The Federal Trade Commission (FTC) announced the revised monetary thresholds under the Hart-Scott-Rodino Antitrust Improvements Act of 1976, as amended (HSR Act), that will apply to transactions closing on or after February 27, 2020. The minimum transaction value (also known as the size-of-transaction threshold) is increasing to $94 million, and the size-of-person thresholds are increasing to $18.8 million and $188 million. Transactions in which the acquirer will hold voting securities, non-corporate interests, or assets valued above $94 million but below $376 million will be reportable if the size-of-person thresholds are satisfied and no exemptions apply. On or after the effective date of the 2020 thresholds, if a transaction is valued at $376 million or above (the “alternative size-of-transaction” value), a filing will be required without regard to whether the size-of-person thresholds are met unless an exemption applies.

Revised HSR Act Thresholds

The HSR Act thresholds are adjusted annually based on changes to the gross national product and determine whether companies or individuals are required to notify the Federal Trade Commission (FTC) and the U.S. Department of Justice Antitrust Division (DOJ) of a proposed merger, acquisition, joint venture, or other combination. Transactions falling below the applicable thresholds are not reportable; however, if the thresholds are met, the parties must submit their respective HSR Act premerger notification forms to the FTC and the DOJ, pay the applicable filing fee, and wait to close the transaction until the 30-day waiting period expires, or it is otherwise terminated.

The chart below sets forth the revised HSR Act thresholds that affect jurisdictional requirements, and impact whether an exemption to HSR Act reportability may apply.
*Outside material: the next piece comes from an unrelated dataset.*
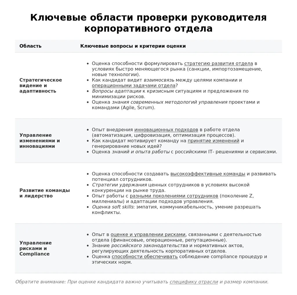 Подготовка к собеседованию на должность руководителя корпоративного отдела

The 2019 HSR Act thresholds remain in effect until the revised 2020 thresholds go into effect on February 27, 2020.

HSR Threshold

Revised 2020 Threshold

2019 Threshold

Size-of-Transaction

$94 million

$90 million

Alternative Size-of-Transaction

$376 million

$359.9 million

Size-of-Person

$18.8 million and $188 million

$18 million and $180 million

The FTC also announced the following revised notification thresholds for acquisitions of additional voting securities from the same party: (i) $94 million; (ii) $188 million; (iii) $940.1 million; (iv) 25 percent of the voting securities if their value exceeds $1,880.2 million; (v) and 50% of the voting securities if their value exceeds $94 million.

The 2020 filing fees remain the same, and the amount of the filing fee that the acquirer must pay (unless otherwise agreed to by the parties) is tied to the revised 2020 size-of-transaction thresholds as follows:

HSR Filing Fee

Revised 2020 Threshold

$45,000

greater than $94 million but less than $188 million

$125,000

$188 million or greater but less than $940.1 million

$280,000

$940.1 million or more

The FTC previously provided three rules of thumb to help determine the relevant thresholds and any resulting reportability obligation under the HSR Act. These include:

  1. The correct threshold for determining HSR Act reportability is the one effect at the time of closing.
  2. The filing fee is determined by the value of the transaction at the time of the HSR Act filing.
  3. Notification thresholds for subsequent purchases of additional shares adjust annually.

Revised thresholds for interlocking directorates

Additionally, new monetary thresholds went into effect on January 21, 2020 relating to prohibitions on interlocking directorates under Section 8 of the Clayton Act. Section 8 prohibits a person from serving as a director or officer of two competing corporations if each corporation has capital, surplus, and undivided profits in the aggregate of more than $38,204,000, unless the competitive sales of either corporation are less than $3,820,400.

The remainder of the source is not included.